District Court of Appeal of Florida, Fourth District.
*582 Robert L. Bogen of the Law Offices of Robert L. Bogen, Boca Raton, and Gordon C. Brydger of Gordon C. Brydger, P.A., Fort Lauderdale, for appellant.
No brief filed for appellee.
PER CURIAM.
Appellant, Michael Donn ("Former Husband") appeals his final judgment of dissolution. Because of the excessive delay and inconsistencies between the final hearing and final judgment of dissolution, we reverse.
The final evidentiary hearing in the case was held over three days. Ten months later the final judgment of dissolution was entered, including an award of permanent periodic alimony and an equitable distribution scheme.
On appeal, the Former Husband asserts numerous errors in the equitable distribution scheme and in the amount of alimony awarded. In addition, the Former Husband argues that he is entitled to a rehearing because of the excessive delay between the final hearing and the final judgment of dissolution. Moreover, the Former Husband contends that the numerous discrepancies between the evidence and the terms of the final judgment suggest that the trial judge did not appropriately recall the evidence presented. We agree.
"An excessive delay between a trial and entry of final judgment may require reversal." Walker v. Walker, 719 So. 2d 977, 978 (Fla. 5th DCA 1998)(citing Caswell v. Caswell, 674 So. 2d 861 (Fla. 2d DCA 1996)). The Florida Rules of Judicial Administration require that "every judge has a duty to rule upon and announce an order or judgment on every matter submitted to that judge within a reasonable time." Fla. R. Jud. Admin. 2.050(f). Yet, there is no bright line rule as to what constitutes a "reasonable time." Tunnage v. Bostic, 641 So. 2d 499, 500 (Fla. 4th DCA 1994).

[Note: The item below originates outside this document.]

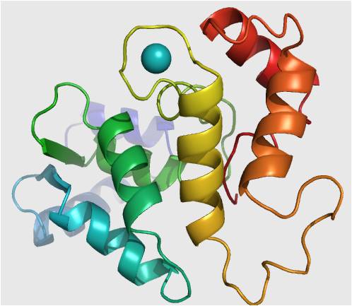 Neuronal calcium sensor (NCS) proteins constitute a family of proteins, which can be further subdivided into five subfamilies. A common feature of NCS proteins is the presence of 4 EF-hand motifs (calcium binding region), which consist of a loop region (12 amino acids) that is flanked by two a-helices (see figure). Almost all NCS proteins harbour at the N-terminus a consensus site for cotranslational myristoylation. Prototype of the NCS protein family is recoverin that is mainly expressed in the vertebrate retina. Another subfamily contains the GCAPs (guanylate cyclase-activating proteins) that regulate the activities of membrane bound guanylate cyclases in the vertebrate retina.

However, when dealing with delayed rulings by a trial judge, "a key factor in such cases is whether or not there is any conflict or inconsistency between the judge's statements or findings at the time of trial and the ultimate judgment entered later, or if there is a factual finding in the final judgment unsupported by the trial evidence." Florida Air Academy v. McKinley, 688 So. 2d 359, 360 (Fla. 5th DCA 1997). For example, in McKenzie v. McKenzie, 672 So. 2d 48 (Fla. 1st DCA *583 1996), the final judgment entered a year after the final hearing was reversed because "[i]nconsistencies in the final judgment suggest[ed] that the trial judge may not have recalled the evidence presented at the hearing." McKenzie, 672 So.2d at 49.

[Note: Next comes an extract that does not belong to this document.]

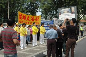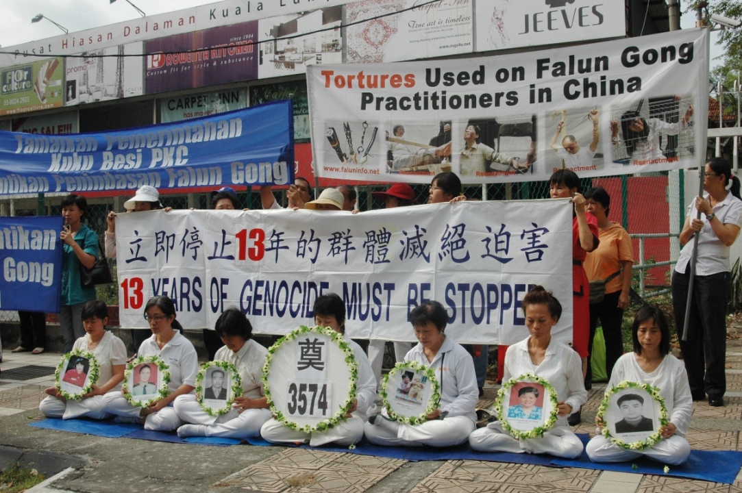 当天上午十时,马来西亚法轮功学员来到车水马龙的中共使馆前,拉起横幅,现场宣读中文和马来文告,谴责中共对法轮功长达十三年的残酷迫害。学员们同时拿着花圈静坐,悼念在中国被迫害致死的法轮功学员,庄严肃穆的场面引起人们的关注。

In the present case, there was a ten month delay between the final hearing and the final judgment of dissolution. Further, there are numerous inconsistencies between the final judgment and the facts as presented in the final hearing. Moreover, the trial judge failed to make pertinent findings of fact regarding the parties' ability to pay and financial need. As such, we conclude that the excessive delay and inconsistencies, coupled with the failure to include specific findings regarding the award of alimony, warrant a reversal and remand for another evidentiary hearing.
On remand, we would like to remind the trial court that prior to an award of permanent periodic alimony it should consider both the financial need and ability to pay of the parties, and specific findings of fact are necessary for meaningful appellate review. See Segall v. Segall, 708 So. 2d 983, 987 (Fla. 4th DCA 1998); Moreno v. Moreno, 606 So. 2d 1280, 1281 (Fla. 5th DCA 1992). Furthermore, we would encourage the trial court to recalculate the equitable adjustment for the payment of the Former Husband's attorney's fees, as it seems from the record that the Former Husband may have been charged twice for the same amount.
REVERSED AND REMANDED.
GUNTHER, FARMER and TAYLOR, JJ., concur.